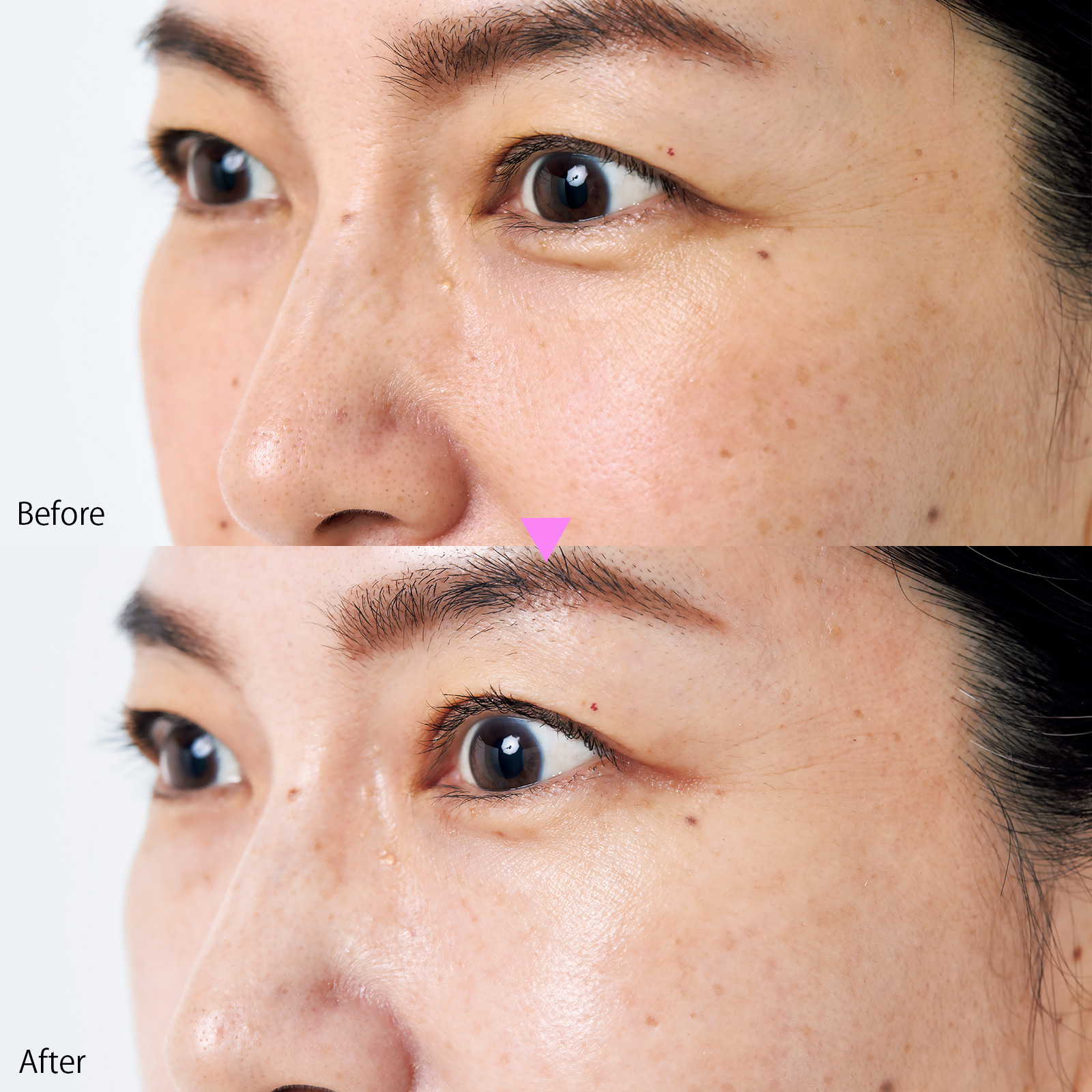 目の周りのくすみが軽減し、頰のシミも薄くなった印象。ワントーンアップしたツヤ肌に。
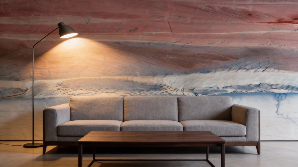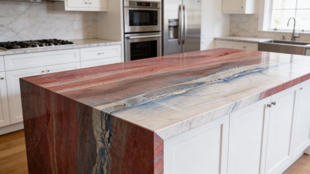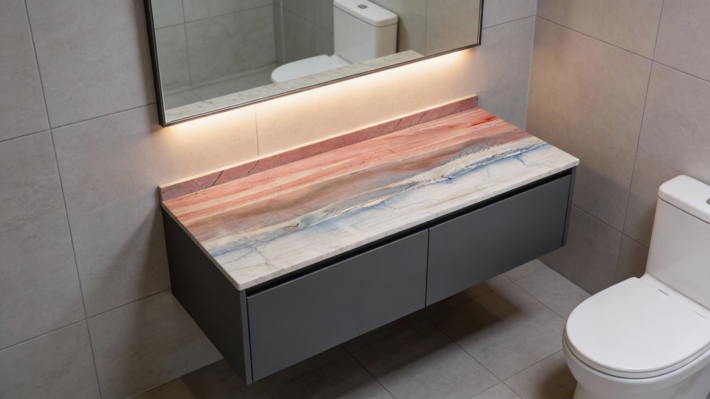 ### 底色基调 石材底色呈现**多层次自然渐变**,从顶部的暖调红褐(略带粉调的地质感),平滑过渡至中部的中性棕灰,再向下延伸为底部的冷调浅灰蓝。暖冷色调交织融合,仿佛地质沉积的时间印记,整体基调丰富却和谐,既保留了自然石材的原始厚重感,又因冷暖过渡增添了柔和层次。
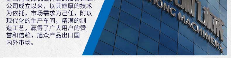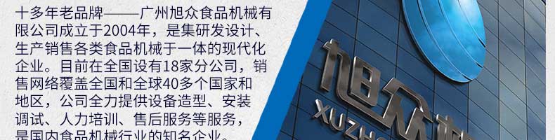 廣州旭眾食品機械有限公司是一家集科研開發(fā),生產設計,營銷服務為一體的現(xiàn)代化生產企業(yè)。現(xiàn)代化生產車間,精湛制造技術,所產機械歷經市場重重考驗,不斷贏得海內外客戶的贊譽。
■ ■ ■ ■ ■
WORK REQUEST
Reproduce the whole of the data, word for word, and omit its pictures.

RESPONSE TO THE EXERCISE
 目の周りのくすみが軽減し、頰のシミも薄くなった印象。ワントーンアップしたツヤ肌に。
 ### 底色基调 石材底色呈现**多层次自然渐变**,从顶部的暖调红褐(略带粉调的地质感),平滑过渡至中部的中性棕灰,再向下延伸为底部的冷调浅灰蓝。暖冷色调交织融合,仿佛地质沉积的时间印记,整体基调丰富却和谐,既保留了自然石材的原始厚重感,又因冷暖过渡增添了柔和层次。
 廣州旭眾食品機械有限公司是一家集科研開發(fā),生產設計,營銷服務為一體的現(xiàn)代化生產企業(yè)。現(xiàn)代化生產車間,精湛制造技術,所產機械歷經市場重重考驗,不斷贏得海內外客戶的贊譽。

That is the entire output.